The new realities of college choice
According to Inspirica, of the approximately 12 million students who will apply to college this year, only 100,000 of them will be accepted to the nation's top schools. Where an SAT score of 1,200 was the median for entry to an Ivy League school 20 years ago, you'll need a 1,400 or higher for admission to those same schools today. Even valedictorians with 4.0 grade point averages are being turned away.

Technology has further compounded the challenge. Where students a generation ago might have applied to five or six schools, some college-hunters today apply online to 25 or more, resulting in even more competition.

"Usually, parents are frustrated," says Wendy O'dell Magus, spokeswoman for Sylvan Learning Center. "They may have tried some things already and haven't been able to get their child where they want them to be. We still see the majority of our business for kids who need to catch up, but we're seeing an increasing number of students coming in to get ahead."

It's not just the students who need tutoring, according to Paul Edwards, director of business development for Boston-based StudySmart.

"A lot of the SAT work we do involves educating and involving the parents as much as the students," he says.

"Sometimes we act as buffers between the student and the parents," says Edwards. "The parents may have high expectations of the student, and the student's confidence can really be affected by parents who basically have no understanding of why a student is currently a C and not a B+ or an A. We serve as a buffer for those kids and certainly help enable them to gain the confidence in their own ability and build themselves up again."

How much does a private tutor cost?
Outside assistance as a complement to public, private and even home schooling is underscored by the inclusion of free tutoring for low-income students in the federal No-Child-Left-Behind education reforms. But most middle-class parents looking for additional educational help for their children will have to pay.

The bill for a tutor can range from several hundred to several thousand dollars, depending upon the scope of the student's needs and how early in the child's educational career the help is enlisted. Costs also are affected by where you live, where the tutoring will take place (at your home or in a more structured setting) and whether you use an institutional tutor or a freelancer, such as a local college student or schoolteacher who tutors as a sideline job.

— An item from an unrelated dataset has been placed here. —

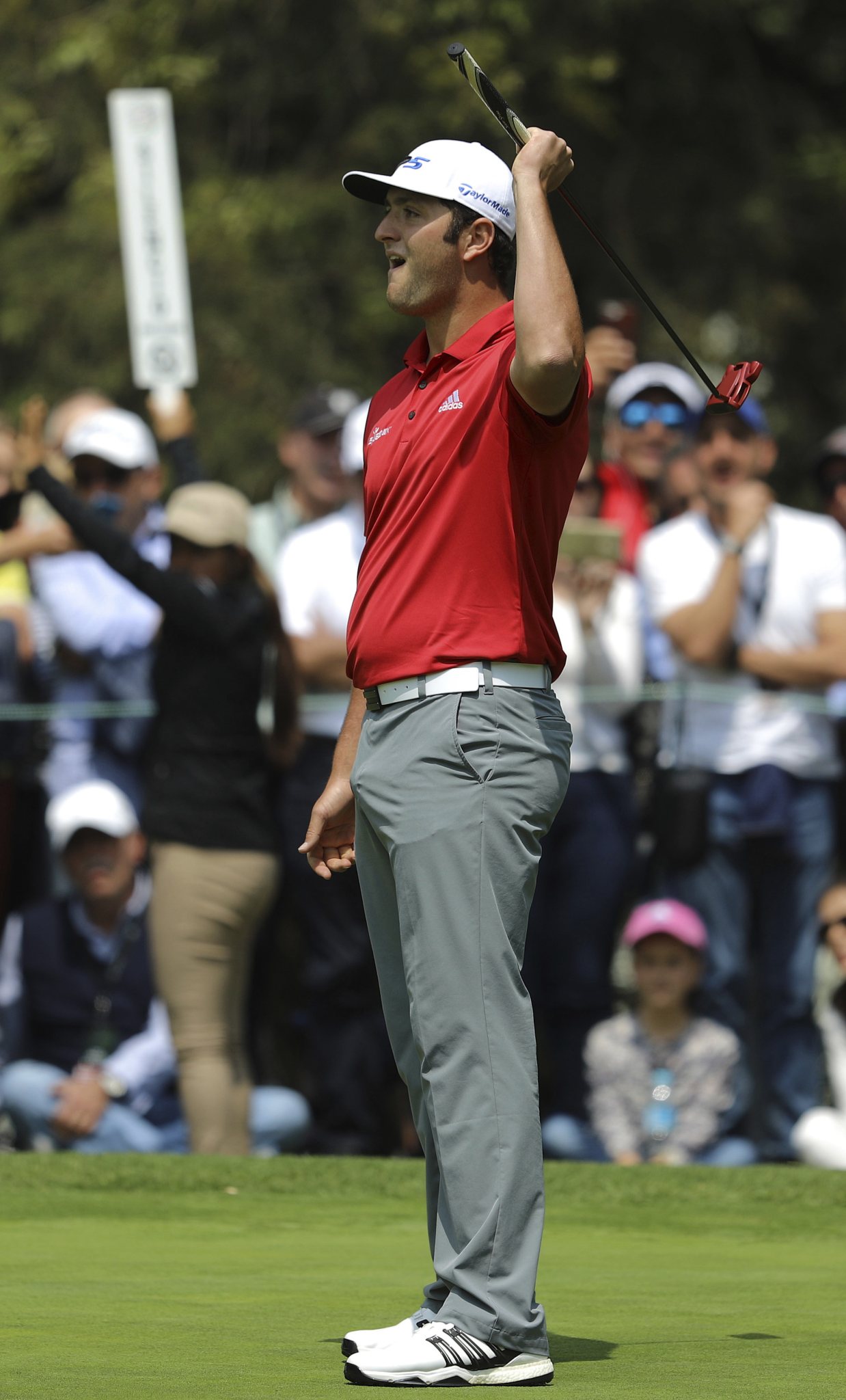Johnson’s 4-shot lead going to the back nine turned into a 1-shot deficit when Spanish rookie Jon Rahm ran off an eagle and 2 birdies at Chapultepec Golf Club. Johnson caught him with a birdie on the par-5 15th, and closed with 3 solid pars for a 3-under 68.

If you opt for one of the national educational services, the program and costs tend to be more fixed. Tutoring generally begins with a meeting between the tutor, parents and child, in which specific needs are discussed, goals are set and a schedule of sessions is proposed. The student then takes some form of assessment test to determine his or her current skill level and pinpoint areas that need work. Progress reports are issued periodically, and students are sometimes retested to measure their progress and identify weaknesses.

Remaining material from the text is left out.